In 1987 he was on the Faith and Justice team which conducted a multi-faceted program run by the Columban Justice and Peace Office. This program was held at the retreat centre of the Sisters of Sion, Bellinter House, Ireland.
From 1988-89, Fr Pat studied at the Jesuit School of Theology in Berkeley, California, USA. He eventually acquired an MA in mission spirituality.
Fr Pat was next assigned to the staff of the Columban Mission Institute (CMI) at St Columban’s College, North Turramurra, Sydney, Australia, to teach Mission Spirituality. He was there from 1991 to 2000. I joined him on the staff of CMI in 1993.

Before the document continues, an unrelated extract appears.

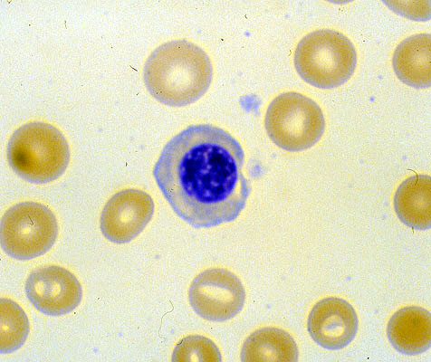 The nucleated RBC in the center of the slide shows basophilic cytoplasm and a round nucleus with densely clumped chromatin. Nucleated RBCs are not normally present in the peripheral blood.

When CMI underwent significant changes in 1996, Fr Pat took the opportunity to become involved for six years in school chaplaincy work in Sydney. These were among the most enjoyable years in his 50 years of priesthood.
From 1995 to 2000, Fr Pat and I were responsible for the Columban priest formation program. During those years five students took part in this program but only one was ordained.
Fr Pat and I were among the first three to move out of St Columban’s, North Turramurra, when we moved into a house, with a third Columban and a student, in Strathfield. We Columbans would eventually sell St Columban’s Turramurra and all move to Strathfield where, for a time, we occupied three houses. Today we have one house in Strathfield.
I was re-appointed to Fiji in 2004 and Fr Pat moved to New Zealand in 2006 where he became part of the Columban Mission team in Lower Hutt. In 2014 I was also appointed to New Zealand. There Fr Pat and I caught up with each other again and we are both part of an expanded Columban Mission team that is now made up of seven people, with six of us living in Francis Douglas Way, Lower Hutt.
Columbans outside the Columban Mission office, Lower Hutt, New Zealand. Photos: St Columbans Mission Society
Fr Pat O’Shea would easily be one of the most talented gentlemen I have ever come to know. As a teacher, he is wonderfully creative and remarkably courageous.
He would do things, like dressing up as a clown, to impress upon his students an image of Jesus that was so out of the ordinary but memorable. As a preacher, he could weave biblical images and symbols to form patterns of thought that were so clear and, at the same time, so relevant to our present day and age.
As a priest Fr Pat touched the lives of so many people. Often, as I greeted people coming out of one of the local churches after Mass, someone would come up to me and ask to be remembered to “Fr Pat”. Rarely have I known a priest who could make a text and a liturgical ceremony come alive like Fr Pat could.
Conversation during morning tea in the Columban Mission office here is so enjoyable because Fr Pat can deftly pull out of his carefully ordered and well-read mind a story or a lesson that is so apt and thoughtful.
Like many others, I am grateful for Fr Pat’s friendship and support and I wish him many more fruitful years of priestly service.
Please remember Fr Pat O’Shea in your prayers as he celebrates 50 years of priesthood in the Missionary Society of St Columban.
Columban Fr Tom Rouse is the Regional Councillor for New Zealand.